Call Me by My Other Name is a fierce, unforgettable book about bodies and desire. Told in three voices—two historical figures, and a meta-poetic third voice that connects past to present—Wetlaufer's story weaves a brutal narrative of how we are taught to masquerade queer gender and yearning. Deeply affecting, the inventive language of these crucial, well-crafted poems transports at the same time as it transcends, embracing ambiguity, balancing intimacy and reserve. This much-anticipated second book by the Lambda Award-winning writer demonstrates that poetry, at its best, is capable of deliverance.

 

 

cover art by Sharon J. Gochenour 

 

"Call Me By My Other Name is a triumph of contemporary poetry, persona poetry, feminist poetry, trans poetry, and poetry at large. This book is what happens when aesthetics and activism are yoked in the finest possible literary form. To my mind, it is a collection that should be read and taught as widely as possible—in every kind of literature, creative writing, and cultural studies course."

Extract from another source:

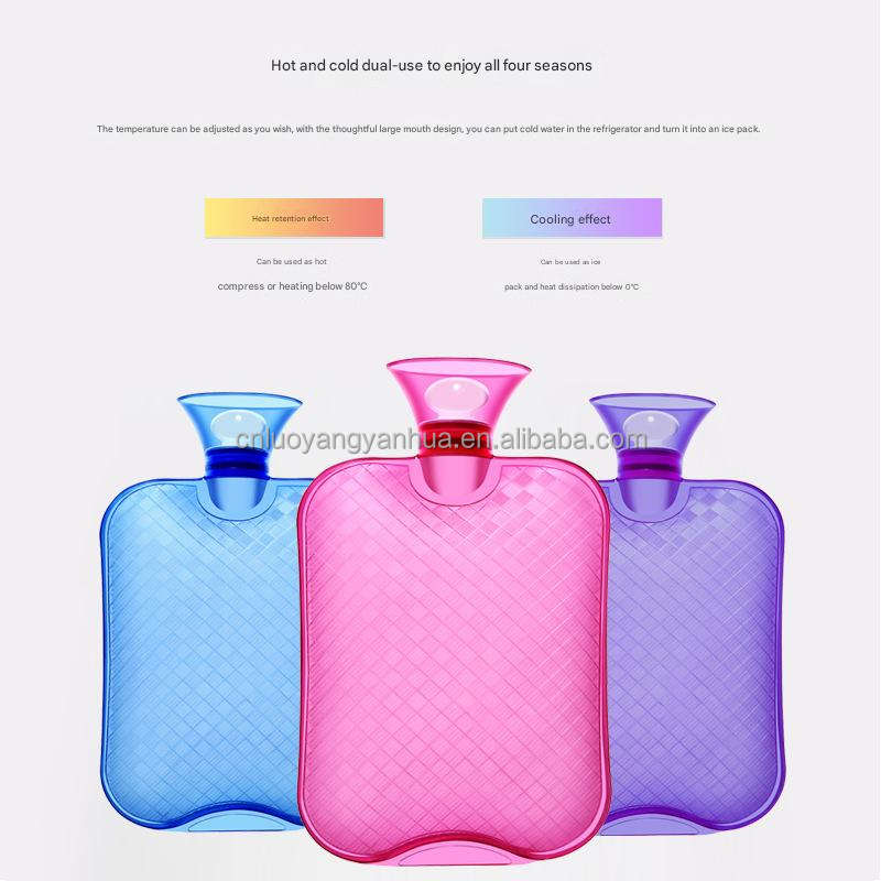 Compresa fría y caliente de PVC transparente Botella de agua caliente Cuello Hombro Alivio del dolor Mano Pies Calentador Bolsa de agua caliente
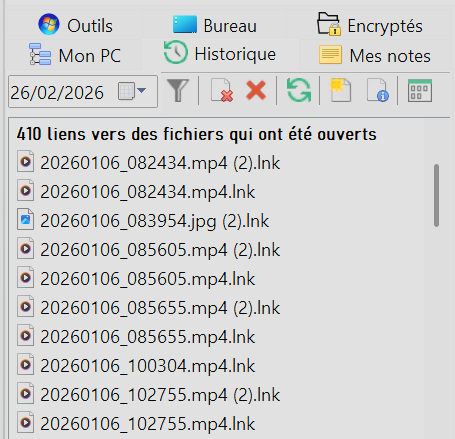 - History, a recent files explorer (links to previously opened files);

Julie Marie Wade's review at The Lambda Literary Review

 

"By bringing a strange tale from another century into a book of poetry of the new millennium, the poet suspends gender roles in a clear gel of time that allows the reader to examine the issue from a place of intimate detachment, if that could be possible. Like science fiction uses futuristic settings to pay attention to real-world problems, Wetlaufer uses a singularly arresting event in the past to address issues of gender norms, sexuality, individualism and community plaguing American culture today. "

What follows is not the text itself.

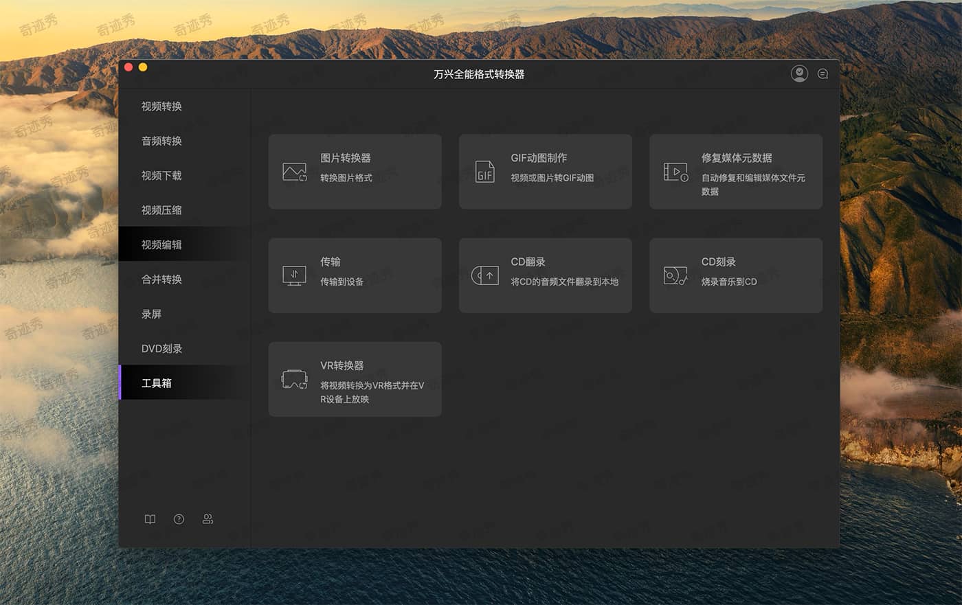 还有一个强大的工具箱,里面包含:图片格式转换器、视频/图片转GIF、编辑修复媒体Meta元数据、无损压缩视频、视频转VR格式、CD烧录器、IOS/DVD光盘复制、CD翻录、屏幕录像、投放视频到电视。功能非常强大,是一款必备软件。

Emily Faison's review in The Southeast Review

 

 

 

"In Valerie Wetlaufer’s poems, the body is the ultimate mystery: a complex and paradoxical site which generates both pleasure and pain, delight and shame. It is political as well as personal, though inherently tied to no specific set of gender roles or types of desire. This is a book that questions our ideas of intimacy and marriage, at a time when we still imagine that certain bodies must live outside the bounds of “normal” life.  A book of historical monologues as well as documentary and personal lyrics, this book is raw, funny, tender, and razor-sharp.  Wetlaufer’s is a bracing, and necessary voice."

—Paisley Rekdal

 

“We’ve been digging graves, we’ve been pressing / dirty palms together and aiming vain eyes skyward,” writes Valerie Wetlaufer, whose striking second collection resurrects historical omission & delivers it with refined urgency & narrative grace. Call Me By My Other Name is direct in illuminating the archival holes in our queer & trans lineage—always already complicated by bodies & the ever-changing names we give them—& skillfully guides the lineated possibility of poetry to refashion presence in multiple selves at once. Wetlaufer is dexterous in sidestepping anachronistic projections & inflects instead a precise & thoroughly investigated socio-poetic translation that showcases her poetry’s agility in allowing the power of naming to literally translate corporal embodiment. “Give everyone a new name,” writes Wetlaufer, & I can only think: Yes, yes—please. Me, first. 

—Meg Day

 

Call Me By My Other Name is a trans book in the best sense of the word—one in which forms follow bodies, in which poems mutate from lyric to narrative, from voice to voice, and from margin to margin with the ease and grace of song.  Here, through the stories of Frank/Anna and Gertrude, Valerie Wetlaufer reveals a secret history that resonates into the present as she takes it in, takes it to heart, and makes it her own—and, in doing so, she shows us that human love knows no single time and space but insists on itself.